Авдотья подтвердила то, что Шумский уже знал: в ту минуту, когда Аракчееву сделалось дурно и все поднялось на ноги в доме, Настасья побежала к графу и, действительно, не была принята им.
Вся дворня, привыкшая к полновластию фаворитки в доме, не могла понять, или не посмела понять, действительного значения факта. Не зная сущности беседы Аракчеева с Шумским, никто не мог догадаться, что граф не пожелал допустить до себя и видеть свою любимицу.

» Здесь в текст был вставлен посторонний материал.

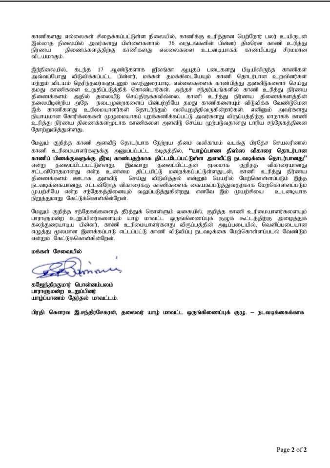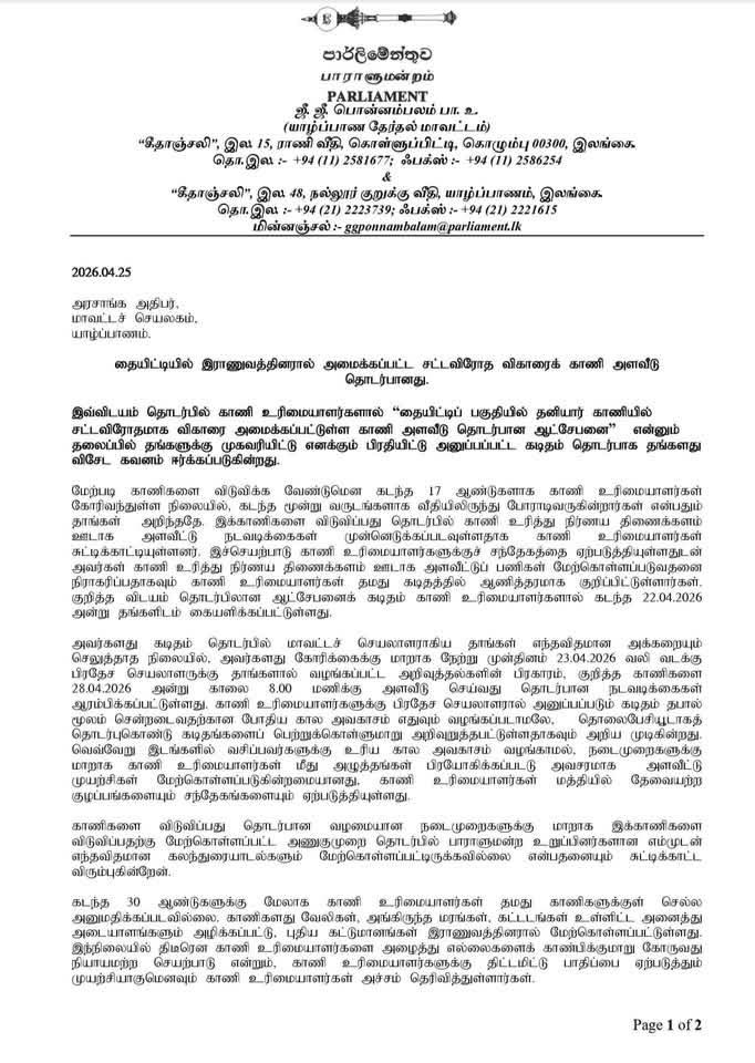 அவர்களது கடிதம் தொடர்பில் மாவட்டச் செயலாளராகிய தாங்கள் எந்தவிதமான அக்கறையும் செலுத்தாத நிலையில், அவர்களது கோரிக்கைக்கு மாறாக நேற்று முன்தினம் 23.04.2026 வலி வடக்கு பிரதேச செயலாளருக்கு தாங்களால் வழங்கப்பட்ட அறிவுத்தல்களின் பிரகாரம், குறித்த காணிகளை 28.04.2026 அன்று காலை 8.00 மணிக்கு அளவீடு செய்வது தொடர்பான நடவடிக்கைகள் ஆரம்பிக்கப்பட்டுள்ளது.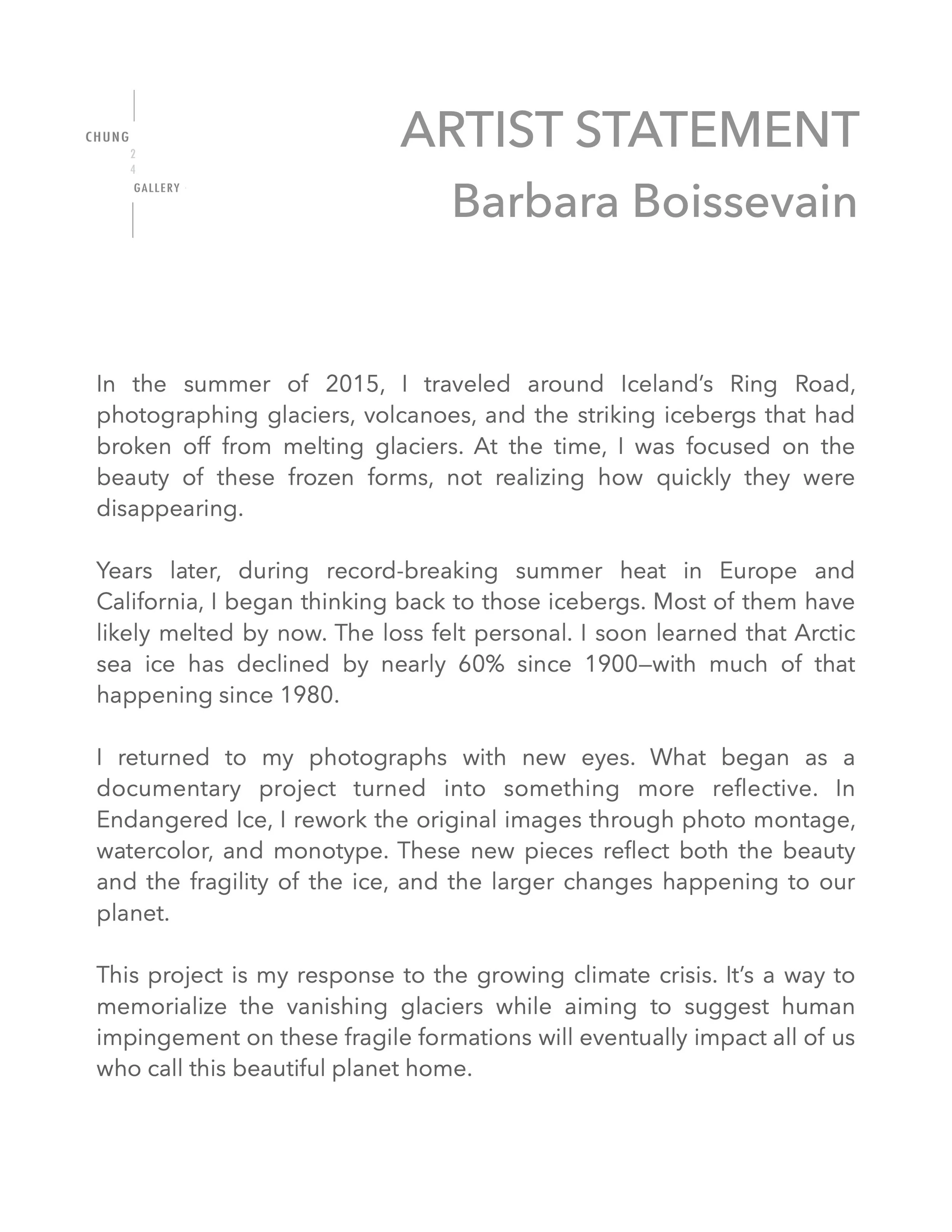 Barbara Boissevain, known for her body of work focusing on salt ponds, is debuting a new series combining photos and watercolor to depict the visually-imperceptible melting of glacier, the results are both breath-taking and heartbreaking. A multi-section photo sculpture is amongst the pieces showing for the first time.

Все повторяли разные варианты того, что объяснил Шумскому лакей.
«Граф не принял в кабинет Настасью Федоровну, чтобы ее не напугать и не потревожить».
На вопрос Шумского о Пашуте Адвотья объяснила, что Настасья Федоровна вызывала к себе и девушку и ее брата и допрашивала обоих о житье-бытье в Петербурге, о том, кого Шумский наиболее видел за последнее время, о бароне Нейдшильде и его дочери, но помимо пустого разговора ничего не было.

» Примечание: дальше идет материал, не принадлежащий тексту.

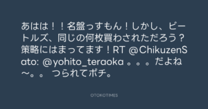 寺岡呼人 @yohito_teraoka – 2:19・2010年11月1日 2010 11/01 寺岡呼人 2010-11-01 あはは!!名盤っすもん!しかし、ビートルズ、同じの何枚買わされただろう?策略にはまってます!RT @ChikuzenSato: @yohito_teraoka 。。。だよね〜。。 つられてポチ。 Source:https://x.com/yohito_teraoka/status/29295248970 text X Post 寺岡呼人 寺岡呼人 この記事が気に入ったら フォローしてね! Follow @OtokoTimes1988 よかったらシェアしてね! URLをコピーしました! 寺岡呼人 @yohito_teraoka - 2:08・2010年11月1日 寺岡呼人 @yohito_teraoka - 2:20・2010年11月1日 関連記事 Artist 寺岡呼人 1968.02.07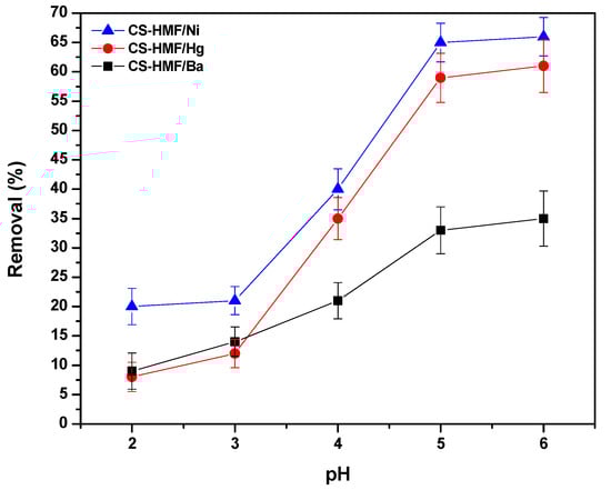 During the process of removal of model pollutants, the pH effect plays a significant role because it controls the generated interactions (adsorbate–adsorbent) []. The pH-behavior on the process of adsorption is shown in Figure 2. It can be observed that the trend of the obtained pH curves is the same in the case of Ni2+ and Hg2+ adsorption (meaning that when increasing the pH, the ion removal increases), while in the case of Ba2+, it differentiates. The latter increase is milder for Ba2+ compared to other ions (Ni2+ and Hg2+). The differentiation of the barium ions removal may be attributed to the affinity (ionic radius of barium ion is larger than that of nickel and mercury ion). However, the highest removal percentage that found, for all cases of heavy metal ions (Ni2+, Hg2+, Ba2+), was at pH = 6. The low uptake level of metal ions at high acidic conditions is attributed to the excess of hydrogen concentration (H+) ions, which compete with metal ions for binding sites on CS-HMF []. Additionally, the protonation of amino groups to varying degrees at strong acidic conditions results in the decrease in available surface sites, for the uptake of metal ions []. It must be noted that other research observes that the highest percentage for Ni2+, Hg2+, and Ba2+ uptake is in pH range 4–6 [,,,].
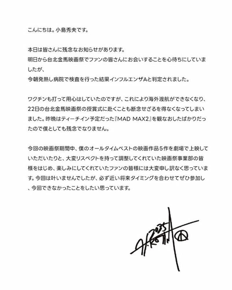 日本遊戲大師小島秀夫確診 A 型流感,原定出席第 62 屆金馬獎並擔任頒獎人,卻在典禮前 2 天臨時取消來台行程,讓許多期待與他見面的影迷相當失落。他透過金馬官方社群公開親筆信,說明病況並表達深深歉意。

Отпустив мать, Шумский строго наказал ей, что, если наутро она узнает что-либо в доме особо важное, то должна немедленно прийти и предупредить его.
– Боюсь я к тебе этак ходить, – отозвалась Авдотья.
– Что? – удивился Шумский.
– Опасаюсь… Буду я этак к тебе забегать, Настасья Федоровна в сумнение придет и не миновать мне беды.
– Да что ты, матушка, разума что ли лишилась! – резко произнес Шумский, но тотчас же смягчил голос и прибавил вразумительно тихо, – сколько же раз мне тебе сказывать, что я не позволю им ни единого волоса на твоей голове тронуть. Пойми же ты это, наконец! Пойми ты, что если Настасья тебя пальцем тронет, то я ее исколочу собственными кулаками. И она это знает. Пойми, что если граф велит тебя как наказать, то я и до его морды доберусь.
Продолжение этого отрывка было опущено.